A coalition of this kind can promote civic issues like an equal share of the burden, civil marriage and allow Lapid, Lieberman and Bennett to further the enlistment of yeshiva students to the IDF.
A coalition without the haredi parties will also punish Shas and namely one of its three leaders, Aryeh Deri, who conducted a harsh campaign against the Likud and Netanyahu.
Still, sources close to Netanyahu say that he fears forming a coalition without the ultra-Orthodox, considered in his eyes and despite everything, natural partners and political allies.
These sources also claim that Netanyahu is not interested in leading a move like that done by Ariel Sharon in 2003 and create a haredi-less government.
The best scenario for Netanyahu is forming an broad government with his natural right-wing partners and the Center-Left bloc. In this case, size could also be a disadvantage and Netanyahu will struggle to set common guidelines for all coalition members.
Livni announced that she will demand "a heavy political price" in exchange for her willingness to join the coalition and Bennett claims that negotiations with the Palestinians on the establishment of a Palestinian state will be "a catastrophe".
Livni also declared that the State of Israel needs a government "without Bennett."
An additional option is to form a narrow right-center government; excluding Shas and Livni. Bennett will gain a coalition without Livni and political negotiations, Lapid will gain a coalition without the ultra-Orthodox.
Furthermore, this is still a relatively fragile and unstable coalition and the polarity of its members is likely to cause crises pertaining to other issues. This scenario is quite the gamble for Netanyahu for he will then forsake his haredi partners.
Party leaders started on Tuesday night to communicate amongst themselves.

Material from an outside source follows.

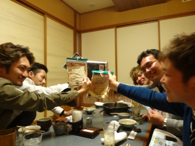 最後にみんなおそろいのヒートテックで乾杯

Following the exit poll results, Netanyahu chose to make his first phone call to Lapid. "We have a chance to do very big things for the benefit of the State of Israel," we have an opportunity do great things for the State of Israel," Netanyahu told Lapid on Tuesday night.
"With the elections behind us, we can focus on taking action for the benefit of the citizens of Israel," Netanyahu said.
Labor Chairwoman Shelly Yachimovich and Hatnua Chairwoman Tzipi Livni called to congratulate Lapid on his party's achievement.
Habayit Hayehudi Chairman Bennet also spoke with the Yesh Atid chairman and said afterwards: "We congratulated one another. Lapid is a good person."
Shas leader Eli Yishai said that he spoke with the prime minister and with the Labor leader and said that the three of them congratulated each other. Yishai sent a message to Yesh Atid's Lapid and said "if he wants a stable government, he will need to understand that we must work together."